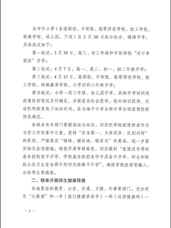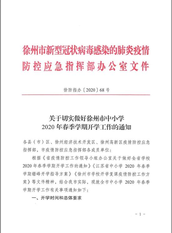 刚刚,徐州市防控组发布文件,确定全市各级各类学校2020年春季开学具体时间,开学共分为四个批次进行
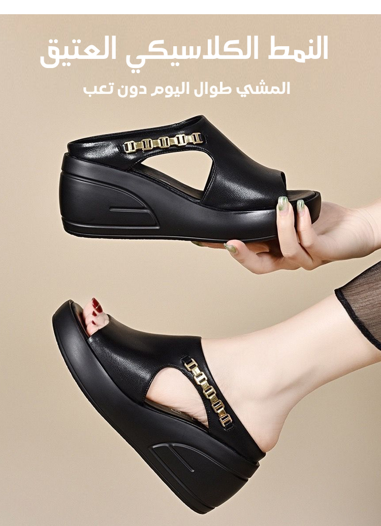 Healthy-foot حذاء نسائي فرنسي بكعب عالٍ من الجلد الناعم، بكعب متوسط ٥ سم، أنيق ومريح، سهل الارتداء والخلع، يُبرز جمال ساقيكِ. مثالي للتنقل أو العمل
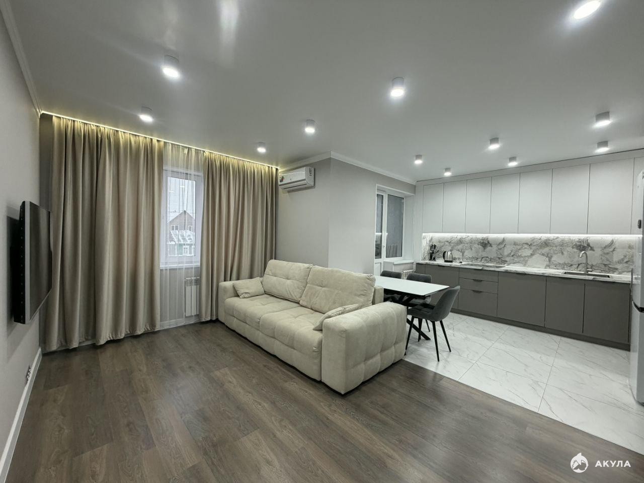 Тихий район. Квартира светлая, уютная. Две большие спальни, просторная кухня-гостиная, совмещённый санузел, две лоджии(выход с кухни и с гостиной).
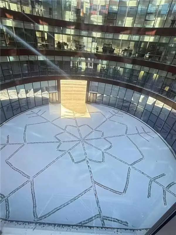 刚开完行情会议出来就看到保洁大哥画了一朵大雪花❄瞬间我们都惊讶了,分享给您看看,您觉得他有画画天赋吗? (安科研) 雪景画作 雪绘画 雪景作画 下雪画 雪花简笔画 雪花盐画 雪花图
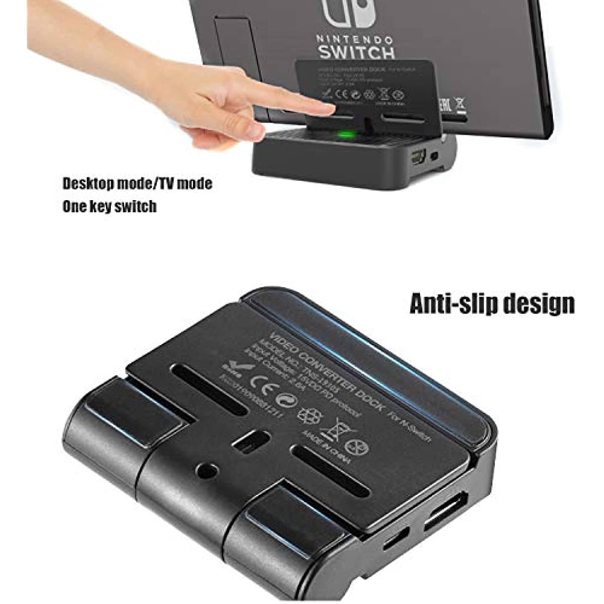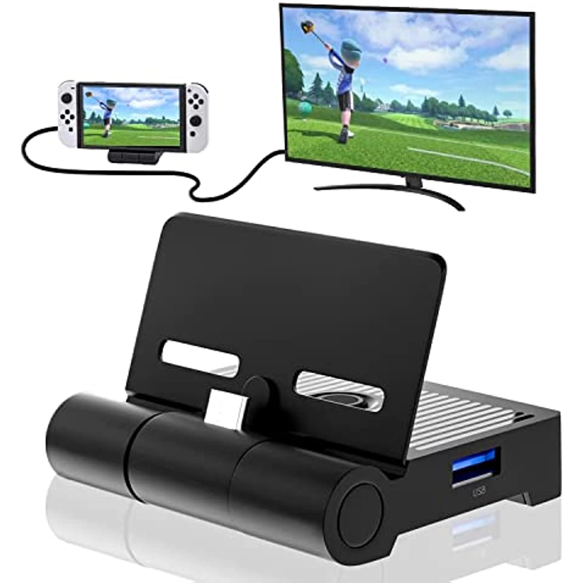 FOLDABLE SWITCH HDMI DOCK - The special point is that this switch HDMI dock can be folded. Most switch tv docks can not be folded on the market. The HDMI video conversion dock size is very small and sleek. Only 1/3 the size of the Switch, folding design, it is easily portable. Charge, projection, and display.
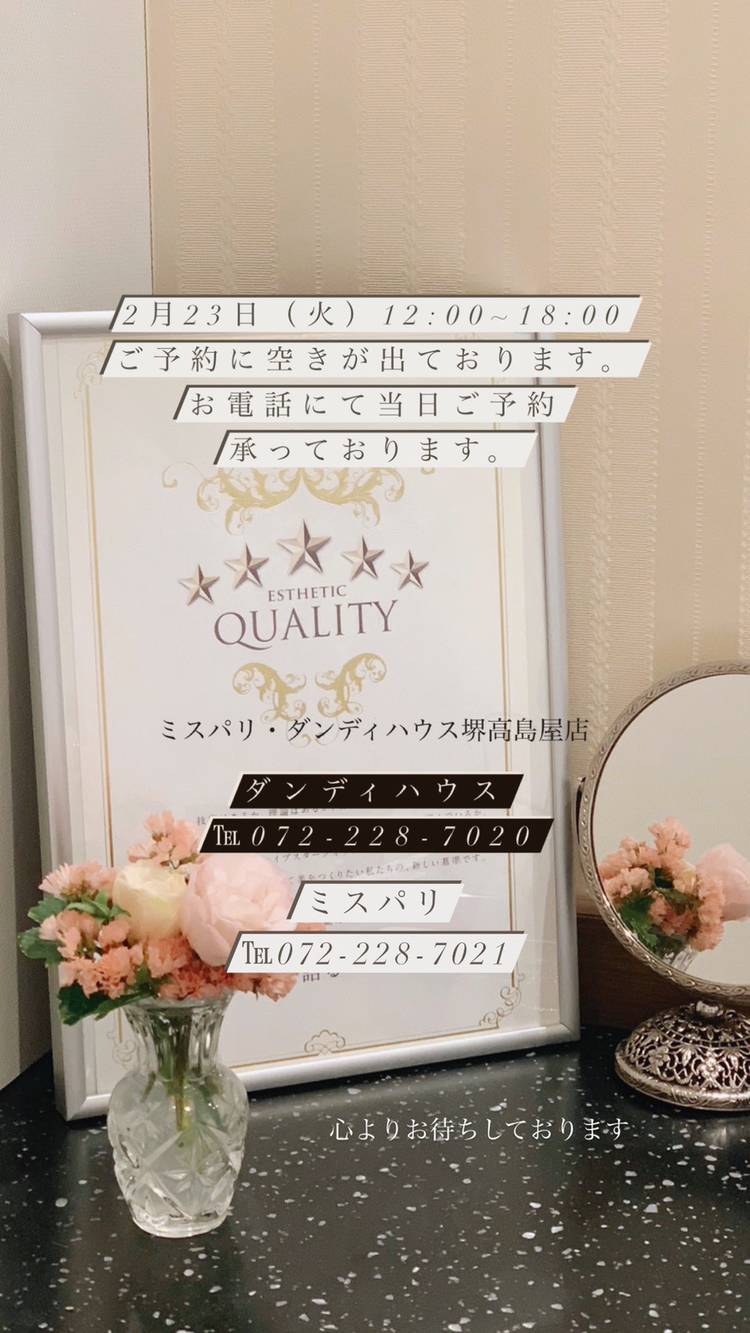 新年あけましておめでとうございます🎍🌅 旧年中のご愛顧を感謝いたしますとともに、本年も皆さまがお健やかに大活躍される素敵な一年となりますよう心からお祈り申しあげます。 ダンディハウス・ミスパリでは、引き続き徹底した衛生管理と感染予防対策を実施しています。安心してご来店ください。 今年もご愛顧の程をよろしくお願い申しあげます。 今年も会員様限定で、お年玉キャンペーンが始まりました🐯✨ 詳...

□ □ □

- **WORK TO COMPLETE**: Starting at the line with "FOLDABLE SWITCH HDMI", output each line through the final one of the listing above, and nothing else. Pictures are to be left out.

- **ANSWER TO THIS TASK**:
 FOLDABLE SWITCH HDMI DOCK - The special point is that this switch HDMI dock can be folded. Most switch tv docks can not be folded on the market. The HDMI video conversion dock size is very small and sleek. Only 1/3 the size of the Switch, folding design, it is easily portable. Charge, projection, and display.
 新年あけましておめでとうございます🎍🌅 旧年中のご愛顧を感謝いたしますとともに、本年も皆さまがお健やかに大活躍される素敵な一年となりますよう心からお祈り申しあげます。 ダンディハウス・ミスパリでは、引き続き徹底した衛生管理と感染予防対策を実施しています。安心してご来店ください。 今年もご愛顧の程をよろしくお願い申しあげます。 今年も会員様限定で、お年玉キャンペーンが始まりました🐯✨ 詳...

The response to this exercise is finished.